[Start of Attachment]

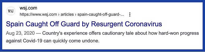 코로나19가 처음 유행하기 시작한 2020년에는 각국에서 봉쇄 조치가 이어지고 전세계 거의 모든 국가에서 마스크를 꼭 써야만 했잖아! 그 중 스페인은 일순 방심하자 감염자가 금세 늘어가는 상황을 마주해야만 했다는 내용을 담고 있는 기사야. 이제 caught off guard가 어떤 상황에서 쓰이는지 감이 좀 잡히지?
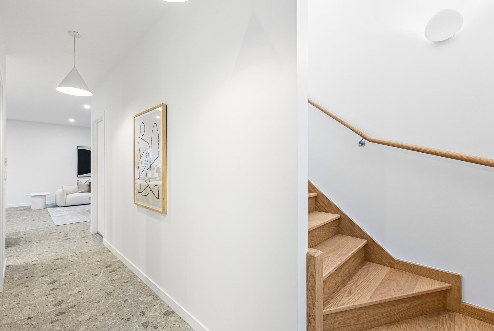 The ground floor's private master retreat offers a sanctuary of calm, featuring bespoke oak timber wardrobes and an opulent ensuite showcasing striking micro cement finishes. A refined guest powder room and oversized double garage with intelligent under-stair storage complete this level.
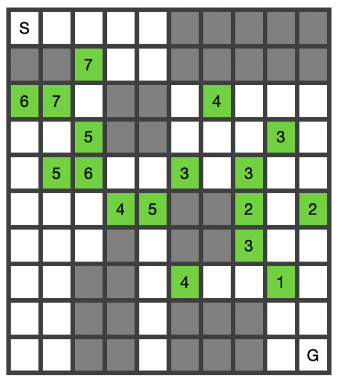 깃발의 위치인 G에 도달하기 위해서는 1번에 도달해야 합니다. 1번만이 G에 도달할 수 있기 때문 입니다. 다음으로 1번 위치에 가기 위해서 도달해야 하는 지점을 생각해 보겠습니다.
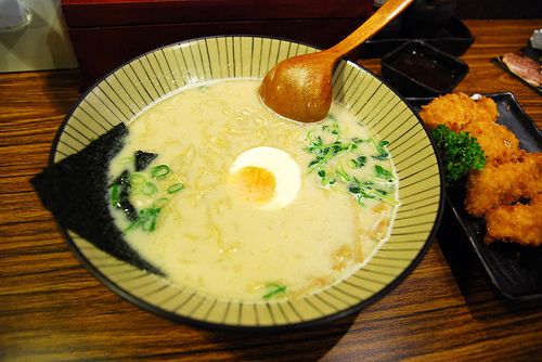 標準碗豚骨拉麵只要120元,其實還不小碗,不過沒叉燒肉就是,所以我加點了炸豬排
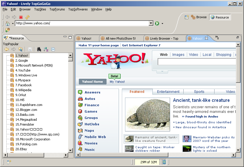 Lively Top GoGoGo je unikátním počinem, jenž si klade za cíl poskytnou uživatelům katalog nejlépe hodnocených, nejpopulárnějších a nejnavštěvovanějších serverů jednotlivých kategorií. V konečném součtu zahrnuje více než dva milióny webových stránek, což je na každý pád úctyhodné číslo.
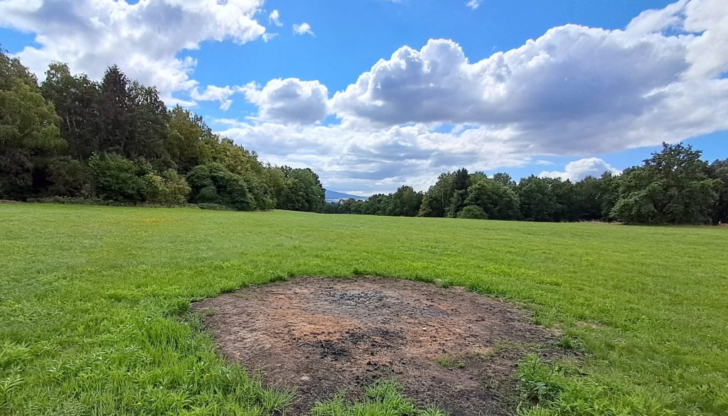 Co se tedy v červnu na louce u Višňové vlastně dělo? Najít místo akce není ani po více než dvou měsících nic těžkého. Na louce pod skalním útvarem příhodně nazvaným Pohanské kameny, kterou od okolního světa z několika stran odděluje pás lesa nebo horizonty nedalekých kopců, je stále jasně patrný asi dvoumetrový kruh vypálený do zelené trávy.

[End of Attachment]

- [Work order] Output the entries above exactly. Do not include the pictures.

- [Written answer]
 코로나19가 처음 유행하기 시작한 2020년에는 각국에서 봉쇄 조치가 이어지고 전세계 거의 모든 국가에서 마스크를 꼭 써야만 했잖아! 그 중 스페인은 일순 방심하자 감염자가 금세 늘어가는 상황을 마주해야만 했다는 내용을 담고 있는 기사야. 이제 caught off guard가 어떤 상황에서 쓰이는지 감이 좀 잡히지?
 The ground floor's private master retreat offers a sanctuary of calm, featuring bespoke oak timber wardrobes and an opulent ensuite showcasing striking micro cement finishes. A refined guest powder room and oversized double garage with intelligent under-stair storage complete this level.
 깃발의 위치인 G에 도달하기 위해서는 1번에 도달해야 합니다. 1번만이 G에 도달할 수 있기 때문 입니다. 다음으로 1번 위치에 가기 위해서 도달해야 하는 지점을 생각해 보겠습니다.
 標準碗豚骨拉麵只要120元,其實還不小碗,不過沒叉燒肉就是,所以我加點了炸豬排
 Lively Top GoGoGo je unikátním počinem, jenž si klade za cíl poskytnou uživatelům katalog nejlépe hodnocených, nejpopulárnějších a nejnavštěvovanějších serverů jednotlivých kategorií. V konečném součtu zahrnuje více než dva milióny webových stránek, což je na každý pád úctyhodné číslo.
 Co se tedy v červnu na louce u Višňové vlastně dělo? Najít místo akce není ani po více než dvou měsících nic těžkého. Na louce pod skalním útvarem příhodně nazvaným Pohanské kameny, kterou od okolního světa z několika stran odděluje pás lesa nebo horizonty nedalekých kopců, je stále jasně patrný asi dvoumetrový kruh vypálený do zelené trávy.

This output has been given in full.